WORK INSTRUCTION = Your job is to retype all of the data word for word, leaving every image out.

===== PROVIDED MATERIAL

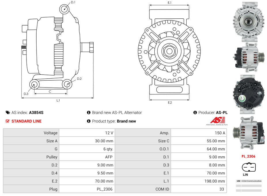 | Mount Inside Length or Pad Mount C-C (C) | 55.00 mm |
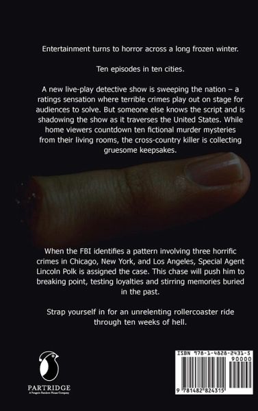 Entertainment turns to horror across a long frozen winter. Ten episodes in ten cities. A new live-play detective show is sweeping the nation - a ratings sensation where terrible crimes play out on stage for audiences to solve. But someone else knows the script and is shadowing the show as it traverses the United States. While home viewers countdown ten fictional murder mysteries from their living rooms, the cross-country killer is collecting gruesome keepsakes. When the FBI identifies a pattern involving three horrific crimes in Chicago, New York, and Los Angeles, Special Agent Lincoln Polk is assigned the case. This chase will push him to breaking point, testing loyalties and stirring memories buried in the past. Strap yourself in for an unrelenting rollercoaster ride through ten weeks of hell.
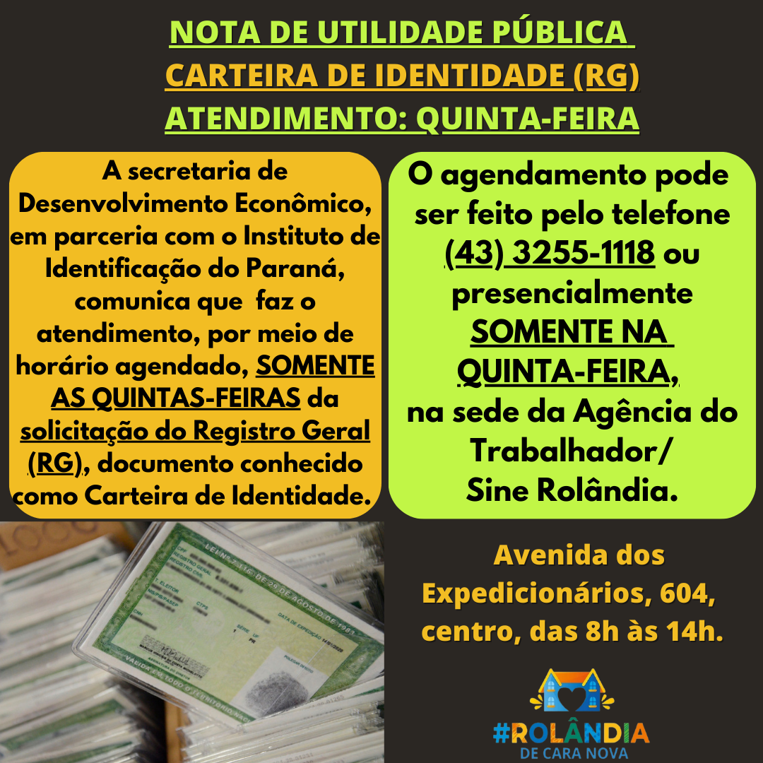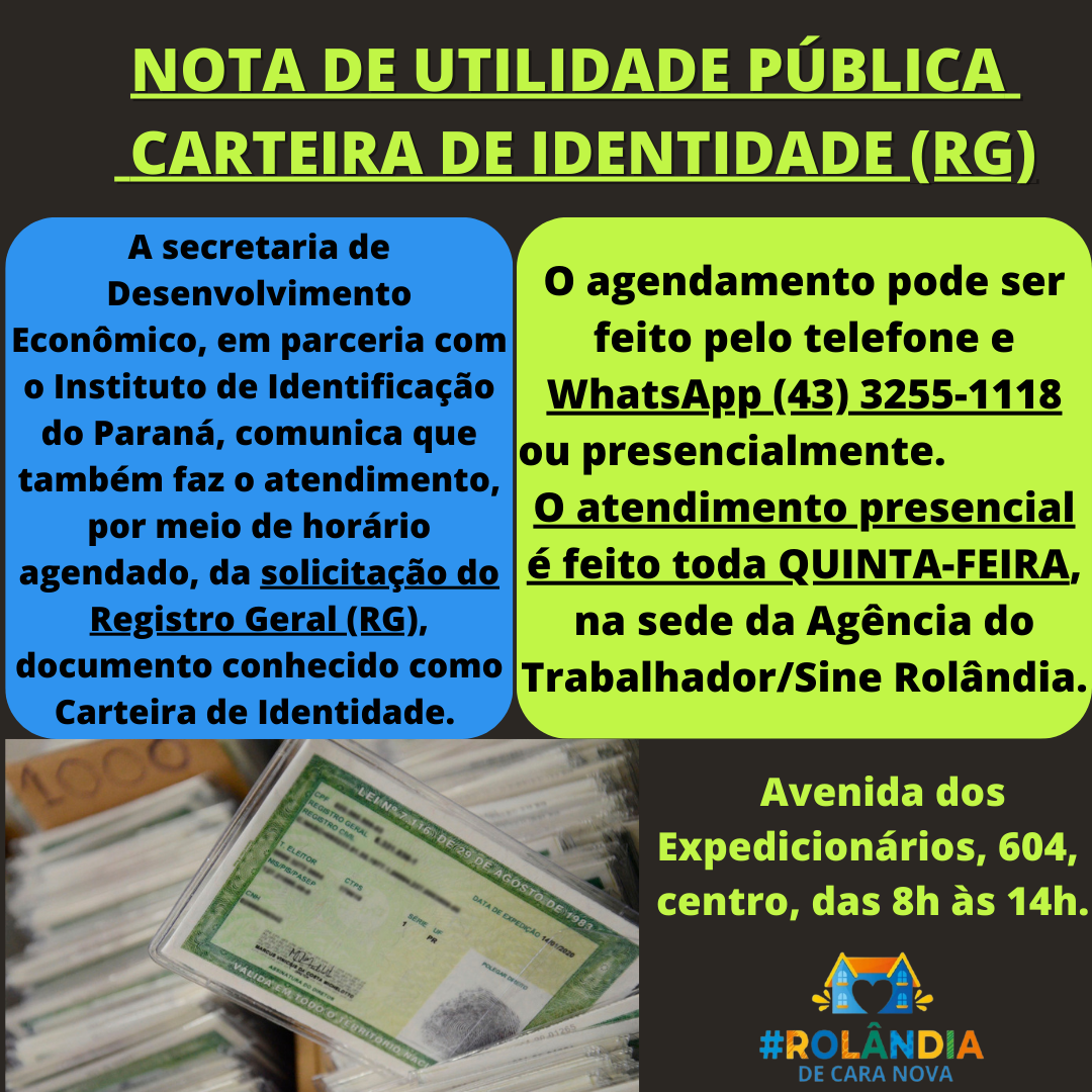 NOTA DE UTILIDADE PÚBLICA - CARTEIRA DE IDENTIDADEA secretaria de Desenvolvimento Econômico, em parceria com o Instituto de Identificação do Paraná, comunica que faz o atendimento, por meio de horário agendado, da solicitação do Registro Ge...

==========

WRITTEN ANSWER =
 | Mount Inside Length or Pad Mount C-C (C) | 55.00 mm |
 Entertainment turns to horror across a long frozen winter. Ten episodes in ten cities. A new live-play detective show is sweeping the nation - a ratings sensation where terrible crimes play out on stage for audiences to solve. But someone else knows the script and is shadowing the show as it traverses the United States. While home viewers countdown ten fictional murder mysteries from their living rooms, the cross-country killer is collecting gruesome keepsakes. When the FBI identifies a pattern involving three horrific crimes in Chicago, New York, and Los Angeles, Special Agent Lincoln Polk is assigned the case. This chase will push him to breaking point, testing loyalties and stirring memories buried in the past. Strap yourself in for an unrelenting rollercoaster ride through ten weeks of hell.
 NOTA DE UTILIDADE PÚBLICA - CARTEIRA DE IDENTIDADEA secretaria de Desenvolvimento Econômico, em parceria com o Instituto de Identificação do Paraná, comunica que faz o atendimento, por meio de horário agendado, da solicitação do Registro Ge...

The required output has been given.